How-To Guide

How to Create Your First SBOM

A practical, step-by-step guide to generating your first Software Bill of Materials using open-source tools and integrating it into your development workflow.

Yukti Singhal
Security Engineer
5 min read

If you ship software, you need a Software Bill of Materials. That is not a marketing pitch. It is the reality of modern software development, where regulatory pressure from frameworks like Executive Order 14028 and customer procurement requirements are making SBOMs table stakes for doing business.

But here is the good news: creating your first SBOM is not as complicated as it sounds. In this guide, I will walk you through generating one from scratch, choosing the right format, and making it useful rather than just another compliance artifact collecting dust.

What Exactly Is an SBOM?

An SBOM is a structured inventory of every component in your software. Think of it like a nutrition label for code. It lists your direct dependencies, transitive dependencies, their versions, licenses, and suppliers.

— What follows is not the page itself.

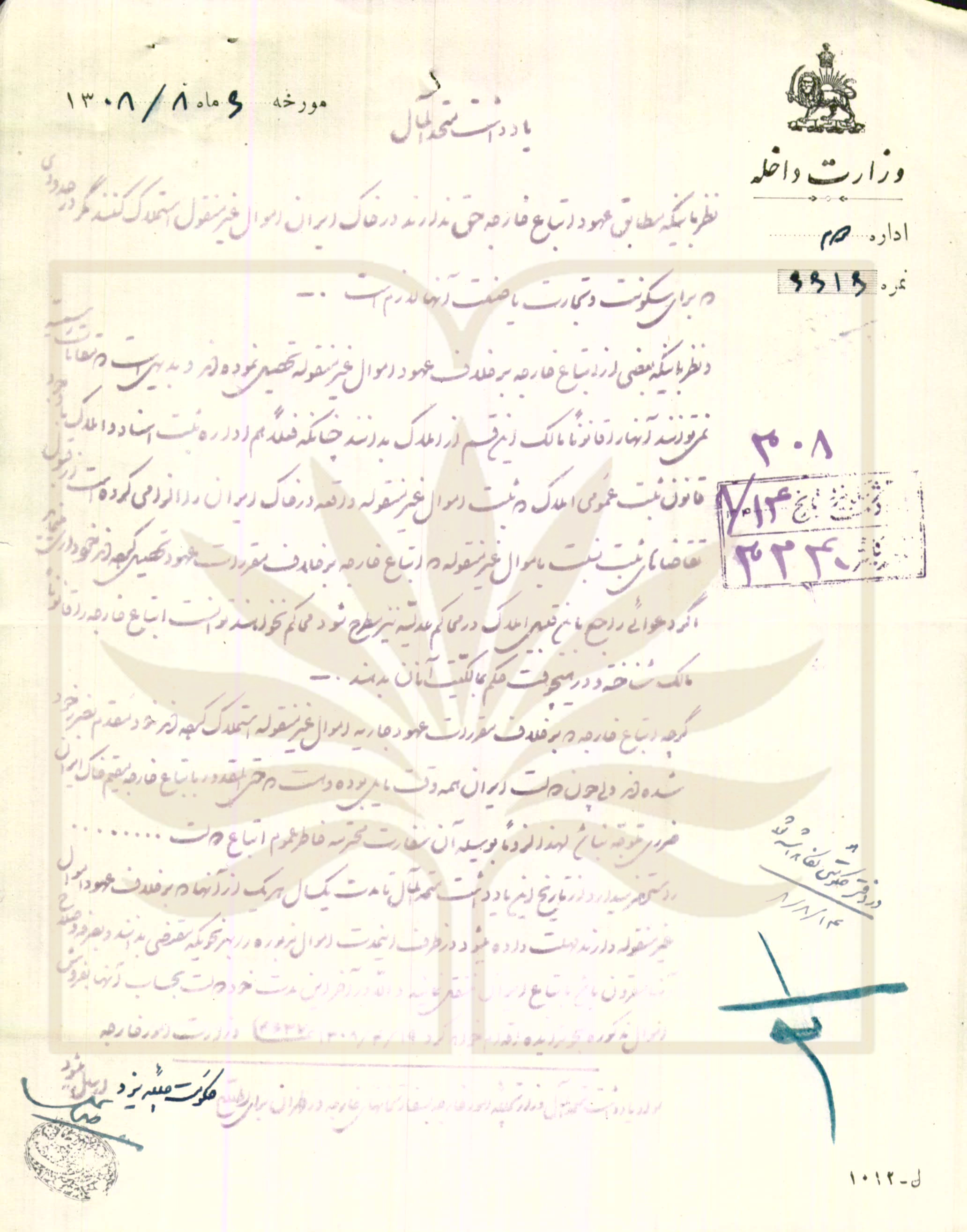 - عنوان سند : بخشنامه ی وزارت داخله، در باره ی ممنوع بودن مالكيت اموال غير منقول اتباع خارجی در خاك ايران
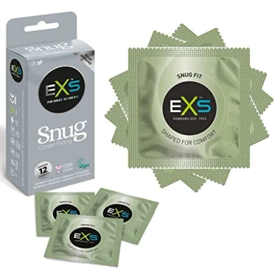 EXS Snug Fit Condoms Pack of 12 Smaller Size Tighter Trim Close Vegan

There are two dominant formats:

  • CycloneDX - Designed for security use cases. Lightweight, supports vulnerability references natively, and has strong tooling in the application security space.
  • SPDX - Born from the Linux Foundation. More license-focused historically, but has evolved to handle security metadata. It became an ISO standard (ISO/IEC 5962:2021).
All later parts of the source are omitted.